◆ **Records to use**:
[Start of section]
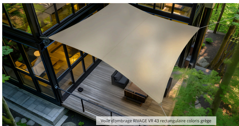
Voile d'ombrage RIVAGE VR 43 rectangulaire coloris grège

De fabrication française, la gamme Rivage s'inscrit pleinement dans une démarche d'innovation durable. Conçus à partir de matières recyclables, ces voiles présentent un faible impact carbone, répondant ainsi aux exigences environnementales les plus strictes. Jardiline® prouve une fois de plus son leadership dans l'éco-conception de produits de décoration extérieure.
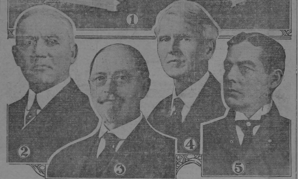
1. RACE BETTERMENT BUILDING AT EXPOSITION—2. Senator TOWNSEND, 3. Prof. IRVING FISHER, 4. Governor FERRIS, 5. Senator OWEN
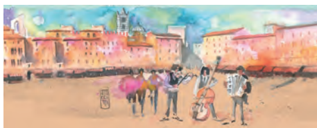
Piazza del Campo, Siena, musicisti

Cod. Articolo 1498 SALAMINO TOSCANO Latta cilindrica Ø 8,8x16h cm salamino toscano taglierino in legno
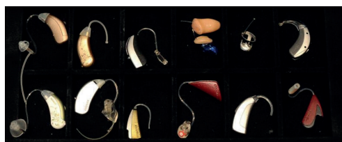
13,3 Millionen Bundesbürger über 14 Jahre gelten als beim Hören beeinträchtigt.

wa acht festen Teilnehmern, insgesamt stehen 27 Personen in unserem Verteiler“, sagt Bolte. Sie erzählt, dass die Treffen als Austauschplattform dienen. Besprochen werden Alltagssituationen und Erlebnisse, wie zum Bei-
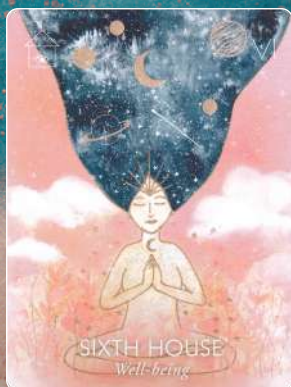
第6ハウス SIXTH HOUSE 健康
[End of section]
Copy the listing word for word, excluding its pictures.

Voile d'ombrage RIVAGE VR 43 rectangulaire coloris grège

De fabrication française, la gamme Rivage s'inscrit pleinement dans une démarche d'innovation durable. Conçus à partir de matières recyclables, ces voiles présentent un faible impact carbone, répondant ainsi aux exigences environnementales les plus strictes. Jardiline® prouve une fois de plus son leadership dans l'éco-conception de produits de décoration extérieure.
1. RACE BETTERMENT BUILDING AT EXPOSITION—2. Senator TOWNSEND, 3. Prof. IRVING FISHER, 4. Governor FERRIS, 5. Senator OWEN
Piazza del Campo, Siena, musicisti

Cod. Articolo 1498 SALAMINO TOSCANO Latta cilindrica Ø 8,8x16h cm salamino toscano taglierino in legno
13,3 Millionen Bundesbürger über 14 Jahre gelten als beim Hören beeinträchtigt.

wa acht festen Teilnehmern, insgesamt stehen 27 Personen in unserem Verteiler“, sagt Bolte. Sie erzählt, dass die Treffen als Austauschplattform dienen. Besprochen werden Alltagssituationen und Erlebnisse, wie zum Bei-
第6ハウス SIXTH HOUSE 健康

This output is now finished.